Mr. Collins has declined
numerous requests from The Blade for comment.
But John
Zwolinski, the NRC’s director of licensing and project management,
questioned the faith his colleague, Mr. Collins, put in
FirstEnergy.
"How can [the NRC] have faith, trust, and
confidence we’ve gotten the right anything from that facility?" he
told investigators. "I mean, this kind of thing shakes me 100
percent. I mean, you simply can’t work that way with a
regulator."
Nonetheless, FirstEnergy believes it adequately
informed the NRC throughout the ordeal, and it remains confident it
will soon get the agency’s authorization to restart the beleaguered
plant. Company spokesman Richard Wilkins said yesterday workers had
begun loading nuclear fuel into Davis-Besse’s reactor.
The
fuel-loading operation will keep the plant on track for a week-long
pressure test next month, which will be used to determine if the
bottom of the reactor has any leaks.
FirstEnergy’s optimism
continues despite allegations raised in a federal whistleblower case
Tuesday that the company knew Davis-Besse’s reactor head was in bad
shape as early as 1998. The complaint, filed by a fired lead nuclear
engineer, claims FirstEnergy has misled the NRC about the extent of
the problem.
The issue of FirstEnergy’s cooperation with the
NRC was examined in detail by the agency’s inspector general, who in
January issued a scathing report.
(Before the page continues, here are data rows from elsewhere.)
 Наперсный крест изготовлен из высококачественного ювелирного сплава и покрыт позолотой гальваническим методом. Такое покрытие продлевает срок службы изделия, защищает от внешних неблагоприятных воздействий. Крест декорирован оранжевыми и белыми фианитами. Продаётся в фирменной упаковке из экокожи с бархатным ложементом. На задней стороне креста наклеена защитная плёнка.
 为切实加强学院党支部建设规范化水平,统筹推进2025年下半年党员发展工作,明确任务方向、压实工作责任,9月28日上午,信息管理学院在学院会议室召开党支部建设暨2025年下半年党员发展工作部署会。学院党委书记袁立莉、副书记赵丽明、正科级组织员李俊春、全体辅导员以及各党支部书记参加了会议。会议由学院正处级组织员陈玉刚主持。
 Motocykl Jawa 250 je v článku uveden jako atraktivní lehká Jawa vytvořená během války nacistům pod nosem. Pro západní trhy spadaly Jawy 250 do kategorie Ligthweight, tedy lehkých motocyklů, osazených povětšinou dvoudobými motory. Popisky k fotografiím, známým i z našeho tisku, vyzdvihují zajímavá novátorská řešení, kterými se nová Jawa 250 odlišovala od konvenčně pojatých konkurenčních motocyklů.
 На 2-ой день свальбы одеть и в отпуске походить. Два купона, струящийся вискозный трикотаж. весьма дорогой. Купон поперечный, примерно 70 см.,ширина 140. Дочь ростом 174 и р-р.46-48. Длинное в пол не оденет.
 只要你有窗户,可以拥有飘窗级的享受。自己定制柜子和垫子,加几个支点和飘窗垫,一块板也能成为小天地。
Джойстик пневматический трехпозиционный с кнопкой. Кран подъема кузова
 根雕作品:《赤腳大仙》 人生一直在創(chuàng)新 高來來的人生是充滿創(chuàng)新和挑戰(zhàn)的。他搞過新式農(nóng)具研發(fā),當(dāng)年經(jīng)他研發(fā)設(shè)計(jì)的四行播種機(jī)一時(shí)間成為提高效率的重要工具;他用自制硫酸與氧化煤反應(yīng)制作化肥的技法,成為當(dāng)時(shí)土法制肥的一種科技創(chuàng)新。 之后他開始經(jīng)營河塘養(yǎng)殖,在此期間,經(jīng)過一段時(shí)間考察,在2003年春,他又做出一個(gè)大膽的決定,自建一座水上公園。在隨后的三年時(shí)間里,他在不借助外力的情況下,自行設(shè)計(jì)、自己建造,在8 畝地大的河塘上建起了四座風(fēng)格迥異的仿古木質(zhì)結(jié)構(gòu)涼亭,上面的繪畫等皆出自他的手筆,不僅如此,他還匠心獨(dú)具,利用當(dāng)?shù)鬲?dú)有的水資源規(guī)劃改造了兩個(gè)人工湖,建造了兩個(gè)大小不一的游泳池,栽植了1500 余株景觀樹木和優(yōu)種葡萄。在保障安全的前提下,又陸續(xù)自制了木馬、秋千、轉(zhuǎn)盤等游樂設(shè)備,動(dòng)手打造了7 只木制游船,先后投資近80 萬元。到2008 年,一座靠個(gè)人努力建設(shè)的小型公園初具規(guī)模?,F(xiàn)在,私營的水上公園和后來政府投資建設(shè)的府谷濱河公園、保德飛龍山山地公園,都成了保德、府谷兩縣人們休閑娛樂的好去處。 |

It charged that the NRC breached
its safety mandate by letting itself be influenced by FirstEnergy’s
pleas that shutting the plant down as proposed on Dec. 31, 2001,
would have seriously hurt the utility financially. Mr. Meserve
responded by stating his agency did not have the benefit of
hindsight.
According to an interview transcript of one
unnamed NRC staffer, FirstEnergy "basically fought and clawed every
inch of the way" when the shutdown order was being contemplated in
the fall of 2001. Besides reduced energy production, the company’s
perseverance to keep operating Davis-Besse was motivated by a belief
it would get a "black eye" in the industry that could affect its
financial rating, the staffer testified.
The same staffer
claimed a reduced operating temperature and other measures taken by
FirstEnergy to provide an extra safety margin during the final six
weeks of operation were "window dressing" because their scientific
benefits were "essentially nothing."
Mr. Zwolinski compared
FirstEnergy’s decision to fight the Davis-Besse shutdown order to
the cooperation the NRC received from Virginia-based Dominion
Energy. Faced with a similar set of circumstances in the fall of
2001, Dominion voluntarily agreed to shut down its North Anna and
Surry nuclear plants in Virginia to check for reactor-head nozzle
cracks - an example which Mr. Zwolinski lauded as the "right thing"
because it was proactive.
"And would you say that Davis-Besse
didn’t choose to do the right thing?" an investigator
asked.
"Confronted with the evidence that we had other like
plants ... I would say that they did not choose to do the right
thing, regardless of how everything has turned out," Mr. Zwolinski
said.
Several NRC staffers interviewed by the investigators
made references to communication between the NRC and congressional
leaders. U.S. Sen. George Voinovich (R., Ohio) and U.S. Rep. Paul
Gillmor (R., Old Fort) were mentioned by name - but George Mulley,
the author of the inspector general’s report, told The Blade there
is no evidence that any politician wielded undue influence over the
NRC in regard to the proposed shutdown order.
The shutdown
order was proposed by NRC staffers, approved by agency lawyers, and
sent up the chain-of-command, but Mr. Collins refused to execute it.
The inspector general’s report has accused him of falling prey to
FirstEnergy’s financial pleas after meeting with Bob Saunders,
president of FirstEnergy’s nuclear subsidiary.